# today



## LarryRB

today is 6-6-06 and the 30 mtg rate is 6.66


----------



## Doc

and at 7:06 this morning the time was 6:66  


What's it all mean?


----------



## Melensdad

As I drove to work at 6 am it was 66 degrees.



			
				Doc said:
			
		

> What's it all mean?



NOT A DAMN THING!


----------



## LarryRB

Doc said:
			
		

> and at 7:06 this morning the time was 6:66
> 
> 
> What's it all mean?


it's for those that are superstitious or stupidstitious,.
Today is the 6th day of the 6th month of the 6th year
of the new century, some say it's Satan's Day because
of the numerology, it's not, it's the anniversary of
the "D Day" invasion of Europe, the Liberation began
on this day in 1944, many of our Fathers participated
in this great war of liberation, thank God that they
did and were successful in defeating tyranny across
the globe, my thanks and respect to all who served in
the "Great Crusade".


----------



## XeVfTEUtaAqJHTqq

Shouldn't this be in the "jokes" section?


----------



## Mith

666, unlucky lady.....


----------



## bczoom

PBinWA said:
			
		

> Shouldn't this be in the "jokes" section?


I'm wondering the same.

Larry - It's your thread.  OK with you?

Brian


----------



## JayC

This 666 thing is really going to far.
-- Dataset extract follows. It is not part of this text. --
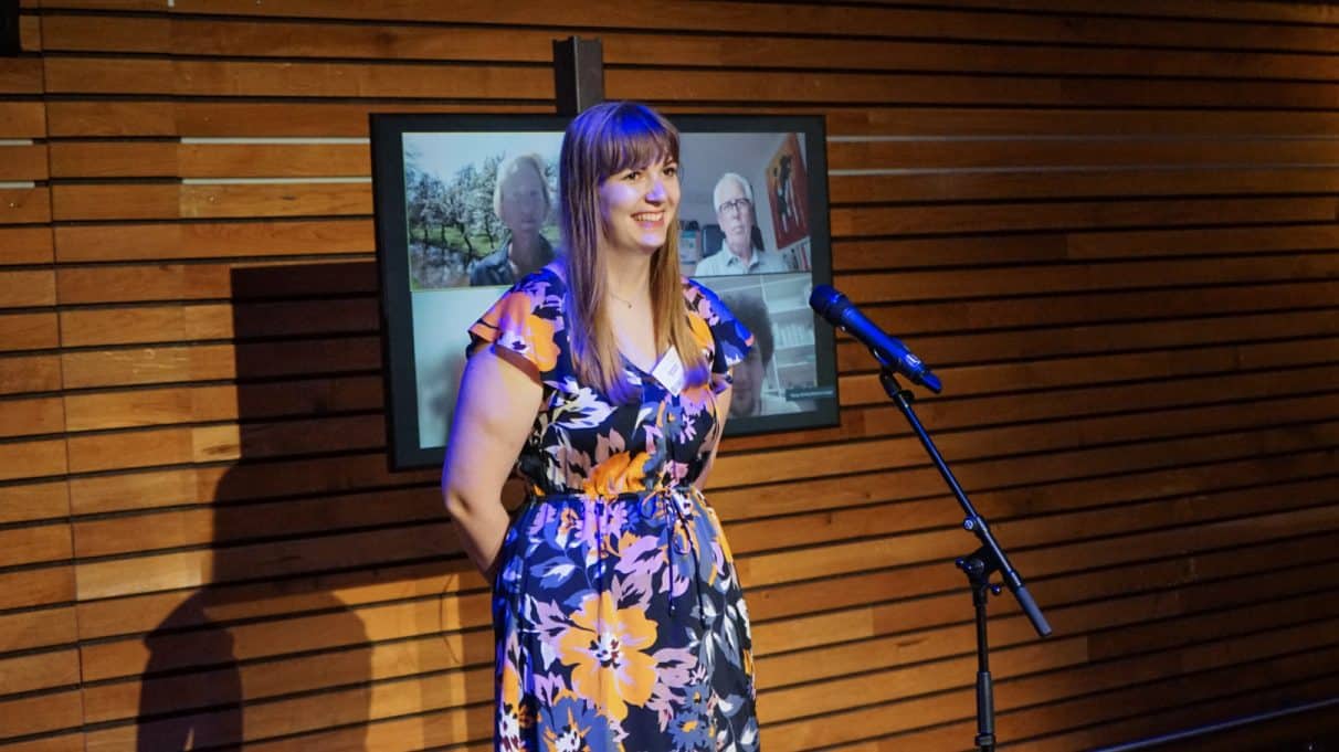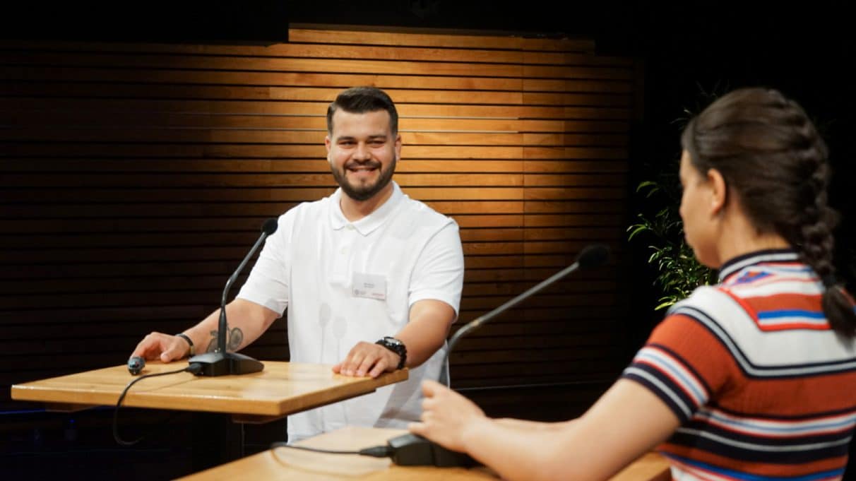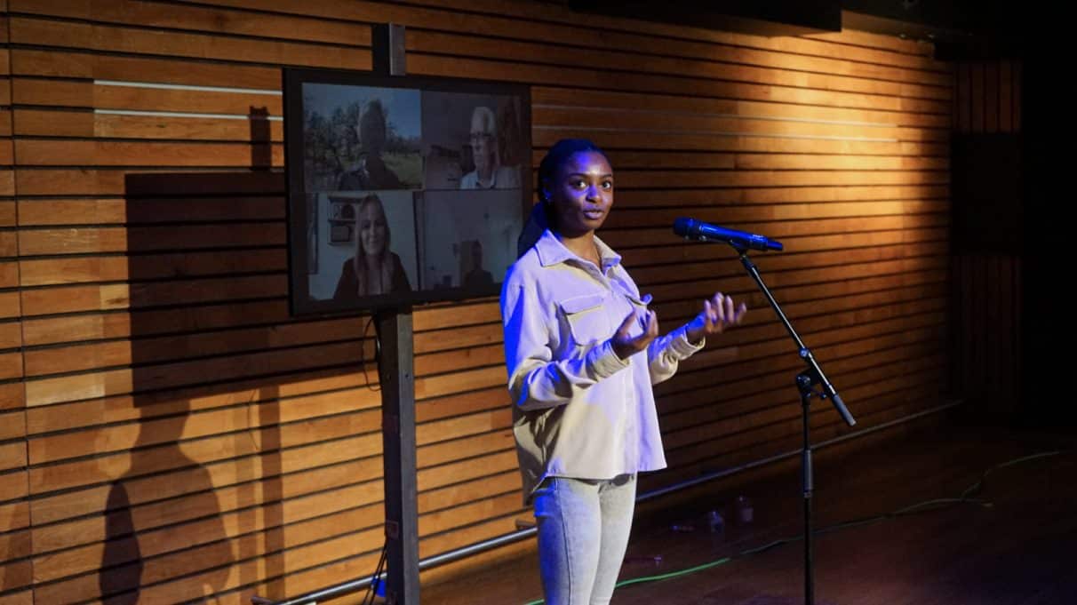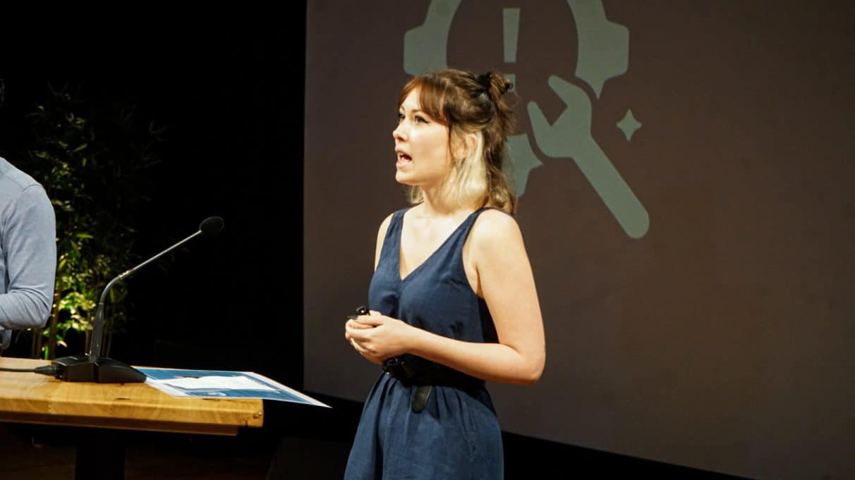 Elk team krijgt tien minuten podiumtijd voor het pitchen van hun concept, inclusief het prototype dat ze erbij gemaakt hebben en een ruwe begroting – zodat geïnteresseerden ook weten wat voor investering er van ze gevraagd wordt. Nu komt het erop aan: ze zullen de werkveldpartners over de streep moeten trekken om de plannen een concrete stap verder te brengen.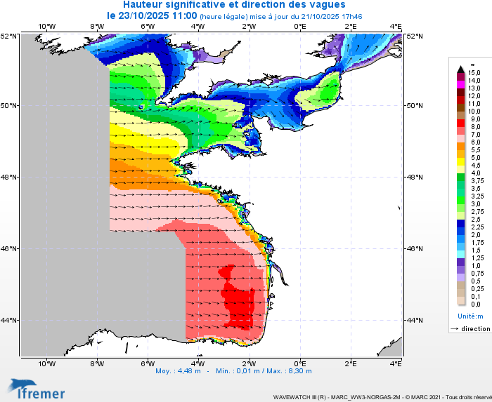 Hauteur de la houle sur l’Atlantique ce jeudi 23 octobre 2025 – Ifremer

I received a book I had ordered yesterday about the German battleship Bismarck. It is published by Warner Books. You know what the address is? Take a wild guess, I dare ya.

666 Fifth Avenue
New York, NY 10103




I'm so sick of this 666 thing. It really isn't 6, 6, 6. Last I checked this was the year 2006 not the year 6. 6, 6,* 0*6 doesn't make 666. People will get wrapped up about the stupidest things. At least Hell is having a good time...

_http://www.hell2u.com_


----------